Dimensional crossover of hard parallel cylinders confined on cylindrical surfaces.

We derive, from the dimensional-crossover criterion, a fundamental-measure density functional for parallel hard curved rectangles moving on a cylindrical surface. We derive it from the density functional of circular arcs of length σ with centers of mass located on an external circumference of radius R(0). The latter functional in turn is obtained from the corresponding two-dimensional functional for a fluid of hard disks of radius R on a flat surface with centers of mass confined onto a circumference of radius R(0). Thus the curved length of closest approach between the two centers of mass of hard disks on this circumference is σ=2R(0)sin(-1)(R/R(0)), the length of the circular arcs.

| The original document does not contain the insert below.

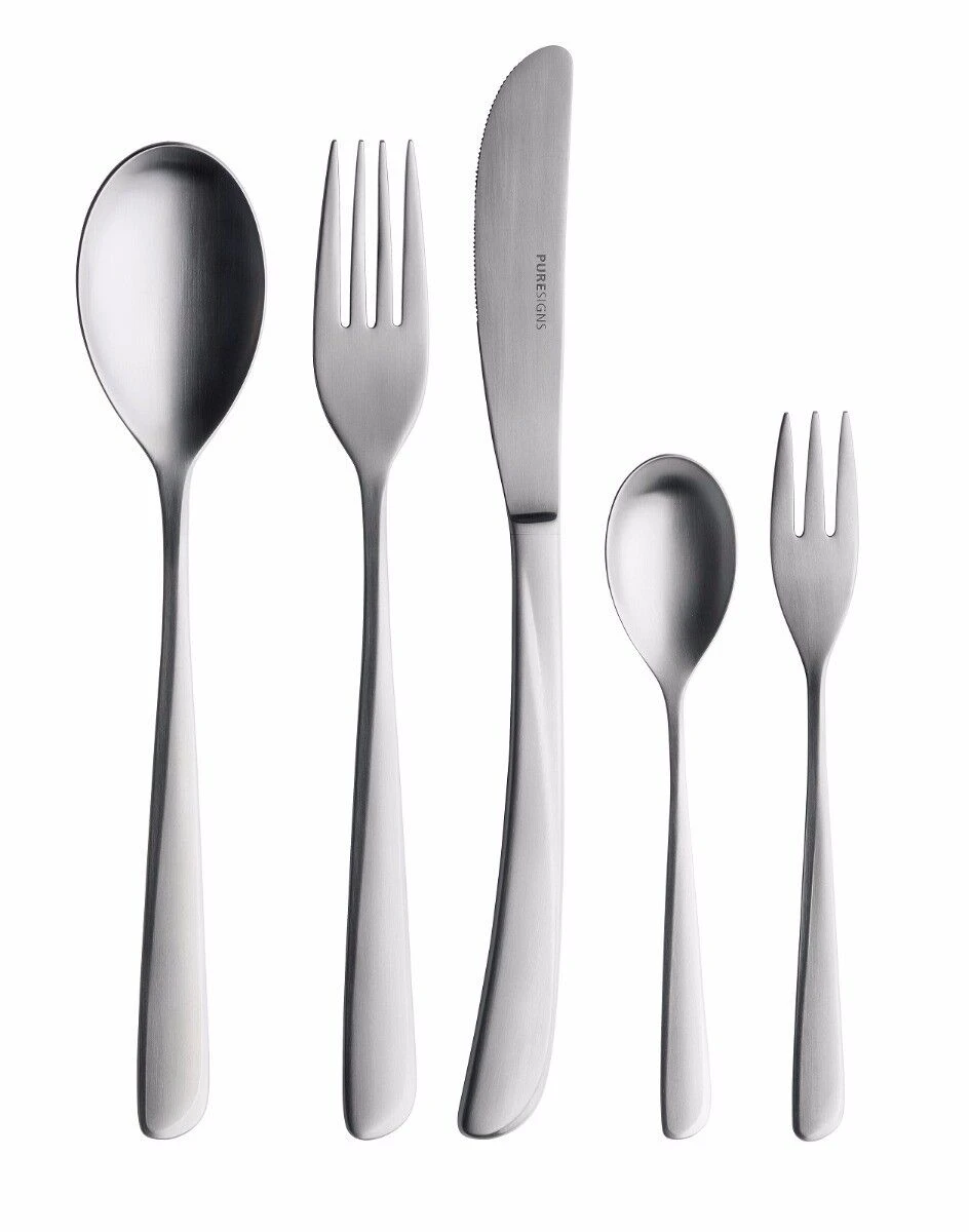 De Puresigns Venti bestekcassette is gemaakt van gematteerd 18/10 roestvrij staal. Het bestek wordt gekenmerkt door de asymmetrische heften en vloeiende lijnen.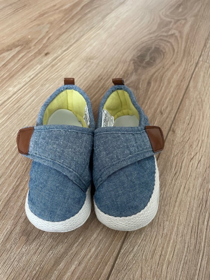 Mavi denim kumaştan, cırt cırtlı ilk adım ayakkabısı. Temiz kullanıldı yeni gibi.

From the density functional of circular arcs, and by applying a dimensional expansion procedure to the spatial dimension orthogonal to the plane of the circumference, we finally obtain the density functional of curved rectangles of edge lengths σ and L. Along with the derivation, we show that, when the centers of mass of the disks are confined to the exterior circumference of a circle of radius R(0),(i) for R(0)>R, the exact Percus one-dimensional (1D) density functional of circular arcs of length 2R(0)sin(-1)(R/R(0)) is obtained, and (ii) for R(0)<R, the zero-dimensional limit (a cavity that can hold one particle at most) is recovered. We also show that, for R(0)>R, the obtained functional is equivalent to that of parallel hard rectangles on a flat surface of the same lengths, except that now the density profile of curved rectangles is a periodic function of the azimuthal angle, ρ(φ,z)=ρ(φ+2π,z). The phase behavior of a fluid of aligned curved rectangles is obtained by calculating the free-energy branches of smectic, columnar, and crystalline phases for different values of the ratio R(0)/R in the range 1<R(0)/R≤4; the smectic phase turns out to be the most stable except for R(0)/R=4, where the crystalline phase becomes reentrant in a small range of packing fractions. When R(0)/R<1 the transition is absent, since the density functional of curved rectangles reduces to the 1D Percus functional.